# Brief
Could the listing below be reproduced exactly, minus its pictures?

# Given information
■ ■ ■

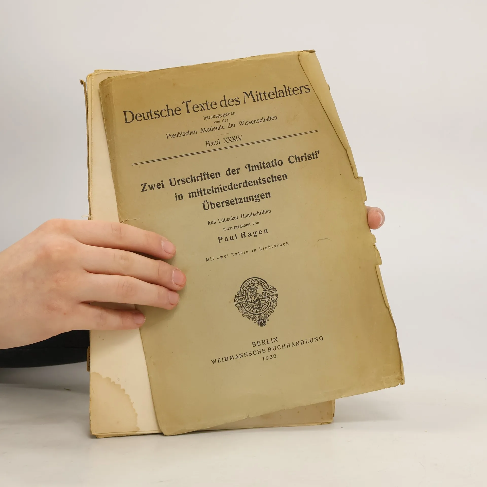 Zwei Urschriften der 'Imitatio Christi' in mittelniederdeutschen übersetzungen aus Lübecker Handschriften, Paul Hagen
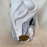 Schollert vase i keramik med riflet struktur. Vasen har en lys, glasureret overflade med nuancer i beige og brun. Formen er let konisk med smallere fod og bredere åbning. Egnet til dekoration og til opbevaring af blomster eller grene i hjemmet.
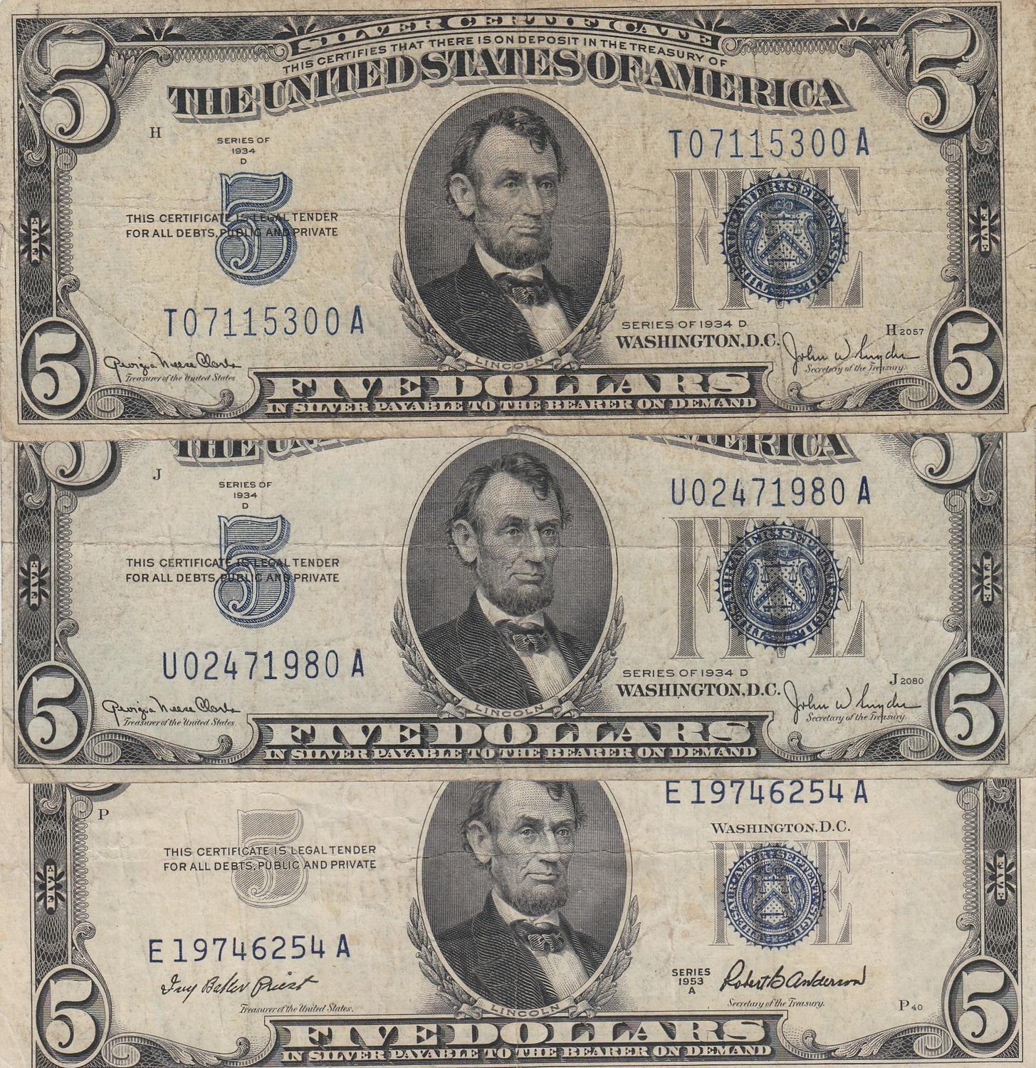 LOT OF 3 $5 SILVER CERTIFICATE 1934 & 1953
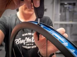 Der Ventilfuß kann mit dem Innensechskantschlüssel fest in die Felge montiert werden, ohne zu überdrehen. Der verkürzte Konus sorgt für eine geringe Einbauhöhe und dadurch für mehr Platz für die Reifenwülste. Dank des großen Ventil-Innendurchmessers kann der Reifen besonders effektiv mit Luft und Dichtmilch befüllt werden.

■ ■ ■

# Result of the task
 Zwei Urschriften der 'Imitatio Christi' in mittelniederdeutschen übersetzungen aus Lübecker Handschriften, Paul Hagen
 Schollert vase i keramik med riflet struktur. Vasen har en lys, glasureret overflade med nuancer i beige og brun. Formen er let konisk med smallere fod og bredere åbning. Egnet til dekoration og til opbevaring af blomster eller grene i hjemmet.
 LOT OF 3 $5 SILVER CERTIFICATE 1934 & 1953
 Der Ventilfuß kann mit dem Innensechskantschlüssel fest in die Felge montiert werden, ohne zu überdrehen. Der verkürzte Konus sorgt für eine geringe Einbauhöhe und dadurch für mehr Platz für die Reifenwülste. Dank des großen Ventil-Innendurchmessers kann der Reifen besonders effektiv mit Luft und Dichtmilch befüllt werden.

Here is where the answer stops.